F. "Lost Winter’s Revenge" storm. After a warm winter that was largely devoid of significant snowfall and that the Minnesota Climate Office deemed “Lost”, a large, powerful winter storm lashed Minnesota with heavy snow, slush, rain, a few thunderstorms, and strong winds from late Saturday March 23rd into Wednesday March 27th, 2024. With its large footprint and variety of weather, this major storm would have been a headline and contender in most years. Aside from producing 1-2 feet of snow, it also produced heavy rains of over one inch—including in areas that received a foot of snow or more!

G. Exceptionally wet period from June 15-22. The late-March winter storm initiated a much wetter period in Minnesota, leading to above-average precipitation in April, and May, but it was an extraordinary period in mid-June that produced significant flash floods in northeastern, and then southwestern through south-central Minnesota, kicking off an period of record to near-record stream and river flooding along the Minnesota and Mississippi river systems.

H. Massively wet June 2024. June finished as the fourth wettest on record statewide, but some long-term stations had their wettest month of all-time and Faribault even cracked Minnesota’s top-ten list of wettest station-months on record.

I. Enormous Hail, July 31. It was not a particularly busy severe thunderstorm season in Minnesota, but one event made a run for the record books, when storms out in western Minnesota produced some of the largest hailstones on record for the state. It’s impossible to know exactly where this one ranks, but the hail reported in this event is the largest stone for which we have evidence submitted with the report.

J. Humid Heat-Fueled Severe Weather Double-Header. The most intensely humid day of the year ignited another rather energetic severe thunderstorm event, with two rounds of damaging storms within about 12 hours of one-another, leading to widespread power outages and even some damage at the Minnesota State Fair and elsewhere.

K. Record-Warm September. It wasn't the hottest September weather on record, but a warm spell that dominated the middle third of September 2024 was noteworthy for its depth, persistence, and uniformity across Minnesota. A second, only slightly lesser warm spell followed it just two days later and lasted through the final day of the month, and September finished as the warmest on record by far across the state.

L. Extreme Autumn Warmth and Dryness.

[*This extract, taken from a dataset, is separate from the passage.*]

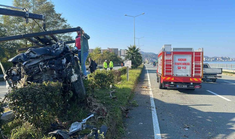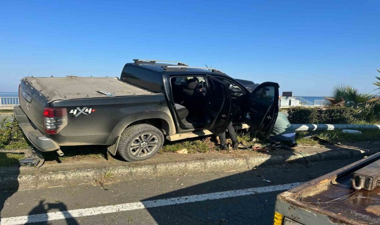 Rize’nin Pazar ilçesinde kontrolden çıkan kamyonet direğe çarptı, 2 kişi yaralandı.

The warmth of September came with an almost total lack of precipitation lasting through much of October. A period of exceptional dryness and warmth blanketed Minnesota for over 50 days, from the first day of September into the fourth week of October 2024. The warm and dry conditions caused a rapid and widespread expansion of drought in the state, with some areas dropping three categories on the US Drought Monitor in just 8 weeks--going from no drought to having "severe" drought.

M. The Dueling Dry Spells of 2024. The dryness and drought of early autumn included one long period without any measurable precipitation. In the Twin Cities, where precipitation records go back to 1871, the 34-days without measurable precipitation is tied for the second-longest such dry spell on record. Perhaps most amazingly, the dry spell it ties for #2 had occurred from February into March, earlier this year! Two high-ranking dry spells in the same year is a rare, and no other years are featured twice in the top-ten.

N. Record Warmth Oct 29. What’s another heat wave in a year marked with warm weather extremes? This late autumn heat produced some impressive evening warmth, along with some of the highest temperatures to have occurred so late in the season at some stations. We usually put out 80-degree temperatures to rest during early October, but this surge produced over a dozen 80-degree readings. Perhaps most impressive is what followed two days later. See next!

O. Another Halloween Snowfall. This was no legendary storm, but just two days after record heat in southern and central Minnesota, many of the same areas were treated to falling temperatures, rain, slush, and sticky snow. Despite limited accumulations the snow managed to damage some trees and fences in parts of the Twin Cities, and limited trick-or-treat visitors across many areas.